Quality in pentesting can mean different things for different groups of people--from the prospective buyer to an existing customer, to the pentester delivering the test, to practitioners in our industry. There are several factors that make up a good pentest; in this series, I want to uncover which of these factors is important to whom and when.


First, it is important for us to consider quality as an overall measure; not just at each step of a process, but rather as an overall measure and a sum of many parts. While quality may be perceived or defined one way by one participant, it can look very different to others. For example, a pentester might feel they did a great job and uncovered worthwhile findings--meanwhile, a customer may not feel the same way if their environment was negatively impacted during the test. As such, there are multiple areas where quality can be explored and dissected.

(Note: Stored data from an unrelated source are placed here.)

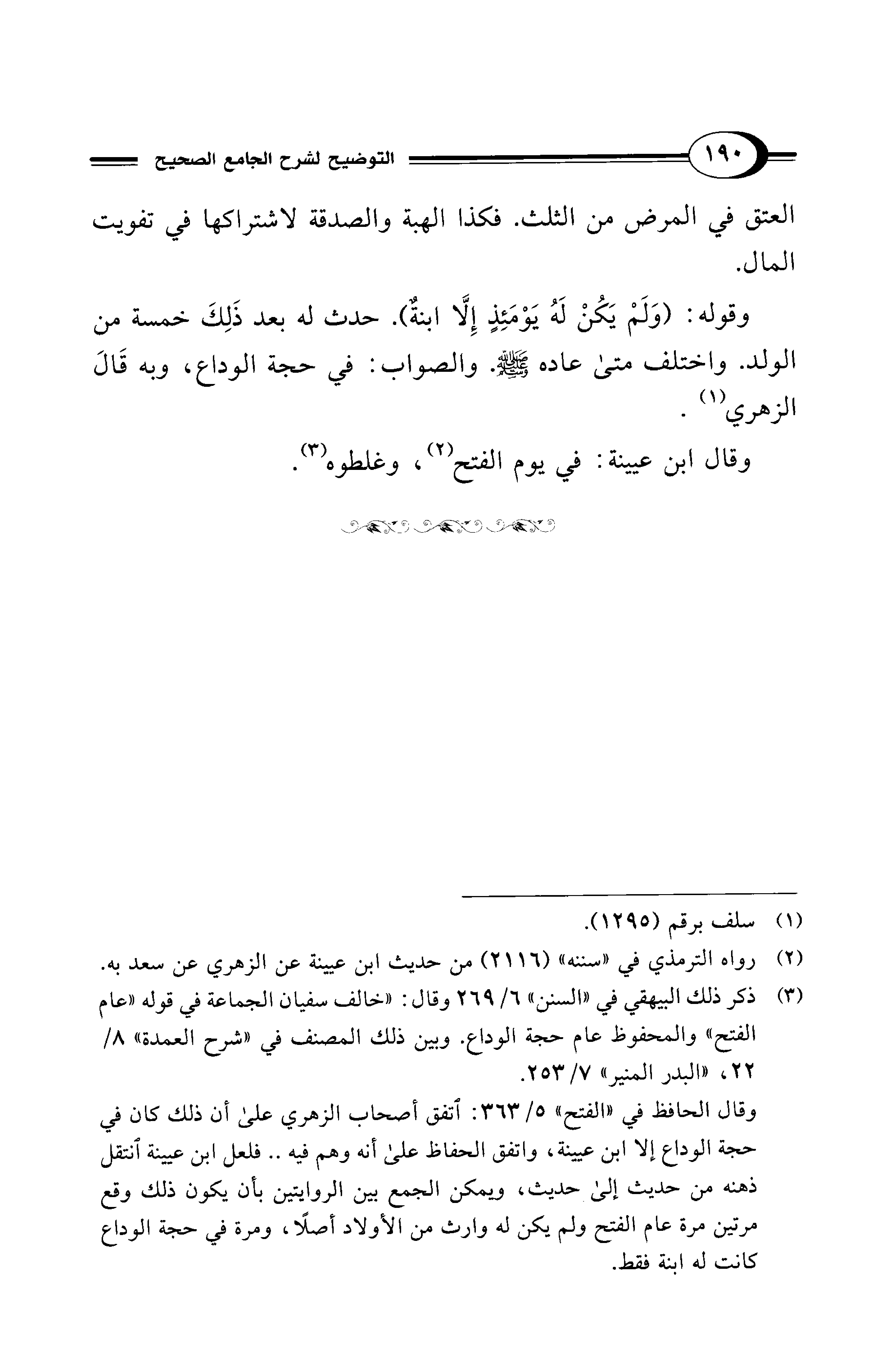 وقال الحافظ في "الفتح" 5/ 363: اتفق أصحاب الزهري على أن ذلك كان في حجة الوداع إلا ابن عيينة، واتفق الحفاظ على أنه وهم فيه .. فلعل ابن عيينة انتقل ذهنه من حديث إلى حديث، ويمكن الجمع بين الروايتين بأن يكون ذلك وقع مرتين مرة عام الفتح ولم يكن له وارث من الأولاد أصلًا، ومرة في حجة الوداع كانت له ابنة فقط.
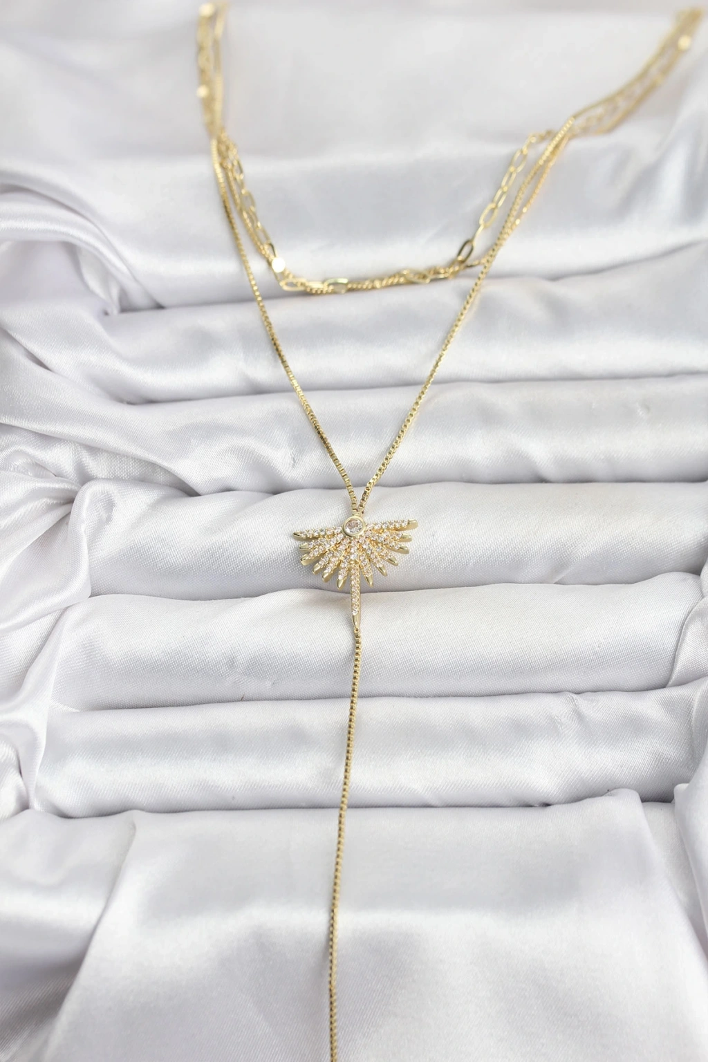 Pirinç Gold Renk Zirkon Taşlı Yelpaze Model Detaylı 3'lü Kombin Y Kadın Kolye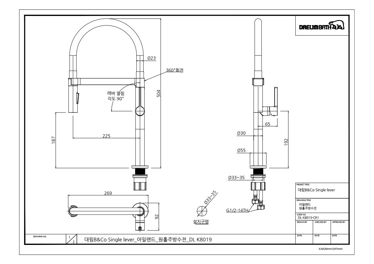 - 아일랜드 주방 전용 수전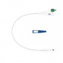 Sonda urológica desechable de silicona suave y flexible que reduce las reacciones alérgicas en las mucosas y aumenta la comodidad del paciente. La superficie de silicona y la punta atraumática, ligeramente redondeada, facilitan la inserción en las vías urinarias.

Using pentesting as an example, we can discuss how quality impacts every step of what we call the pentesting lifecycle. This will also allow us to bring in different perspectives from the different people involved at each stage, and enable us to explore how each of these perspectives defines quality.


For reference, here is the pentesting lifecycle as we see it at Cobalt:


  1. Preparation - This includes the sales cycle, scope agreement, and credential sharing; in short, everything that is needed to perform the test is gathered during this step.


  2. Kickoff - This is where stakeholders and testers meet to align their expectations and approach.


  3. Testing - This is the main activity for the penetration testers; it includes discovery, threat modeling, exploitation, post-exploitation - all of which we will touch on in more detail in future installments of this conversation."


  4. Reporting - Here, we document and share our testing and findings with customers and/or stakeholders.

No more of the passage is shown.